Keratinized lid margin with corneal opacity with vascularization
Figure 3. Keratinized lid margin with corneal opacity with vascularization.

Management

Management of ocular SJS begins with identification and cessation of the causative agent. Most patients are acutely treated in tertiary health care centers for systemic complaints, with referral for acute or chronic sequelae of SJS. Supportive care with fluids, electrolytes and nutritional management along with dermatological management usually happens before referral to the ophthalmologist. Systemic steroids and immunomodulators are given in some patients at referral.

Trichiatic lashes and metaplastic lashes with keratinized margin
Figure 4. Trichiatic lashes and metaplastic lashes with keratinized margin.

In the acute ocular phase, copious lubricants are advised. Carboxymethylcellulose 1% and highly viscous gel formulations are applied frequently. Topical antibiotics such as moxifloxacin eye drops or gels are preferred for prophylaxis.

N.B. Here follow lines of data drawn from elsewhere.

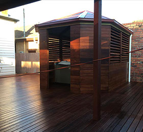 Coastal plan living Bali huts, open pergolas and gazebos all built out of high end quality materials with merbau beams to cypress pine structures.
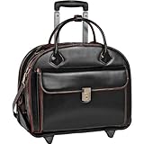 Removable high-density laptop sleeve that protects laptops up to 15.4 inch in size. Dual Laptop Protection System uses a high-tech ABS honeycomb frame to protect laptop from exterior impact and a sleeve with high-density foam to help absorb shock and prevent moisture intake. Smart Attachment Strap allows transport on extended handles of other rolling cases and luggage. W series chic ladies' italian leather black case trimmed in red. Exterior dimensions: 16.75 inch W x 7 inch D x 13.75 inch H. Laptop interior dimensions: 14 inch W x 1.5 inch D x 10 inch H. Hand strap drop length: 4 inch. Shoulder strap drop length: 16-19.5 inch. Telescopic handle: 40 inch. Black. Includes laptop sleeve. Patented 2-in-1 detachable wheel and handle system. Quick access front pocket is secured with a key lock. Interior organizer with storage space for media devices, business cards, key holder and pens. Double compartment divided by secured zipper pocket for important documents. Non-defective return will be charged 20% restocking fee.
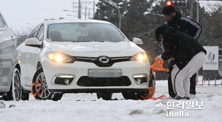 | 23일 제주대학교 사거리 인근에서 한 운전자가 차량을 멈추고 바퀴에 체인을 감고 있다. 이상국기자 |
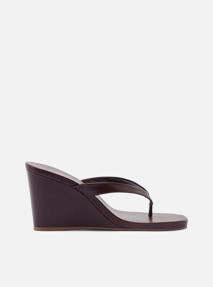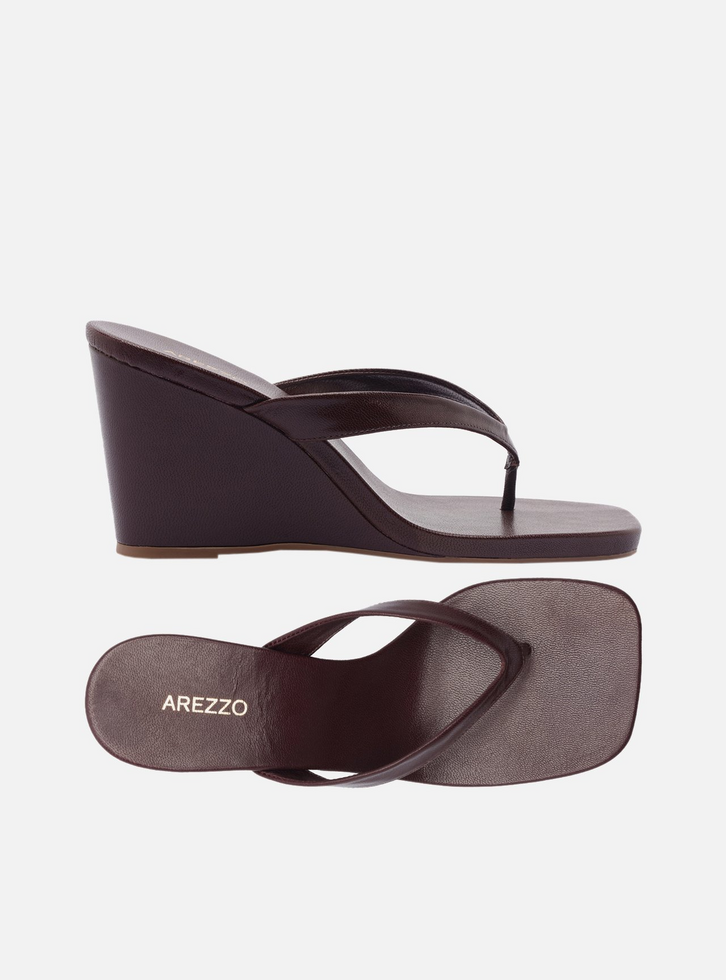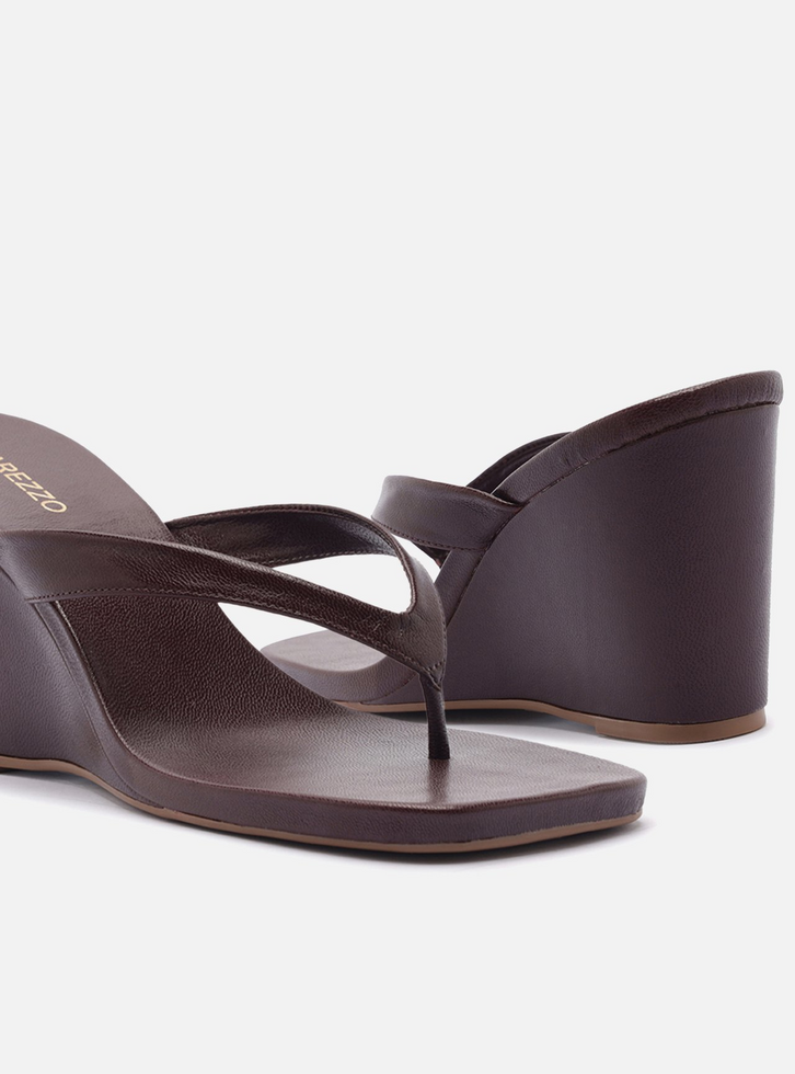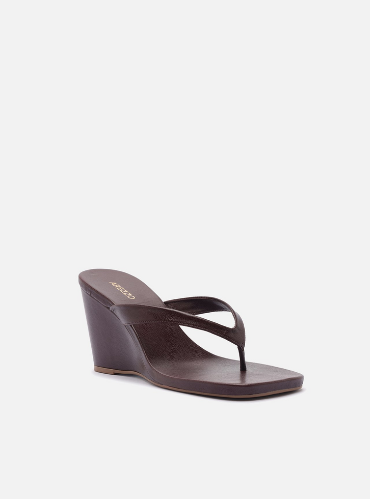 Sandália feminina bordô. O sapato tem salto alto anabela e formato quadrado na ponta. Traz tiras finas dividindo os dedos. Com palmilha da cor da sandália e inscrição do nome da marca.

In acute conditions of conjunctivitis with papillary reaction, milder topical steroids such as fluorometholone are preferred. Lubrication with a damp sterile cotton bud in the fornices is performed regularly on an outpatient basis to prevent symblepharon formation. Rarely, a symblepharon ring or scleral contact lenses are placed to prevent adhesion. Secondary bacterial keratitis is often treated with microbiological confirmation and topical antibiotics.

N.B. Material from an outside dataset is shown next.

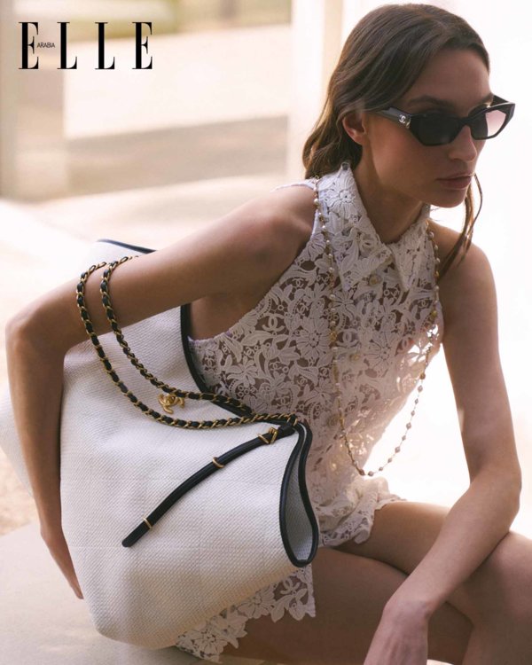 بلوزة من دانتيل الغيبور بلون البيج الفاتح، مزيّنة بأزرار مرصّعة بالجواهر؛ شورت من دانتيل الغيبور بلون البيج الفاتح، مزيّن بأزرار مرصّعة بالجواهر؛ نظّارات شمسية من الأسيتات الأسود والرمادي؛ قلادة من المعدن والزجاج والستراس؛ حقيبة منسوجة من الرافيا الأبيض، والجلد الأسود والمعدن. كلّه من Chanel Cruise
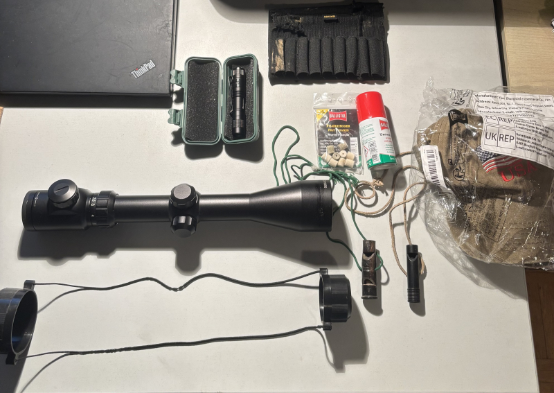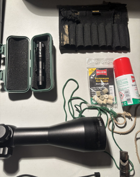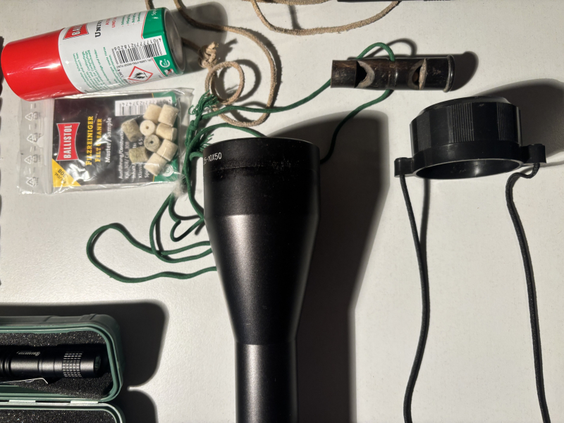 Konvolut Jagdzubehör Zielfernrohr Hundepfeife Lampe BallistoleGun-ID: 20239800

In eyes with persistent symblepharon, extraocular movement restriction and subsequent diplopia can occur. Symblepharon excision with amniotic membrane grafting is useful in such cases. Punctal dilation is performed in eyes with minimal stenosis. Rarely, punctoplasty is needed. In eyes with mild trichiatic lashes, epilation is performed on an outpatient basis. However, in recurrent trichiasis and metaplastic lashes, electroepilation is preferred. In eyes with entropion with a shortened fornix, mucous membrane grafting is useful. The graft is obtained from oral buccal mucosa. Regular follow-up and frequent lubrication should be advised for all patients. Systemic immunomodulators may be needed in some patients, and long-term prognosis depends on the severity of ocular involvement. In eyes with severe dry eye with patent puncta, punctal plugs can placed. Limbal stem cell transplantation can be performed in eyes with a guarded prognosis with poor vision and corneal haze.

Conclusion

SJS is a life-threatening disorder with multisystem involvement. Early identification and intervention can reduce the morbidity rate and secondary complications occurring from the disease. A multidisciplinary approach with the ophthalmologist, dermatologist and physician will go hand in hand to treat the mildest to most severe form of the disease.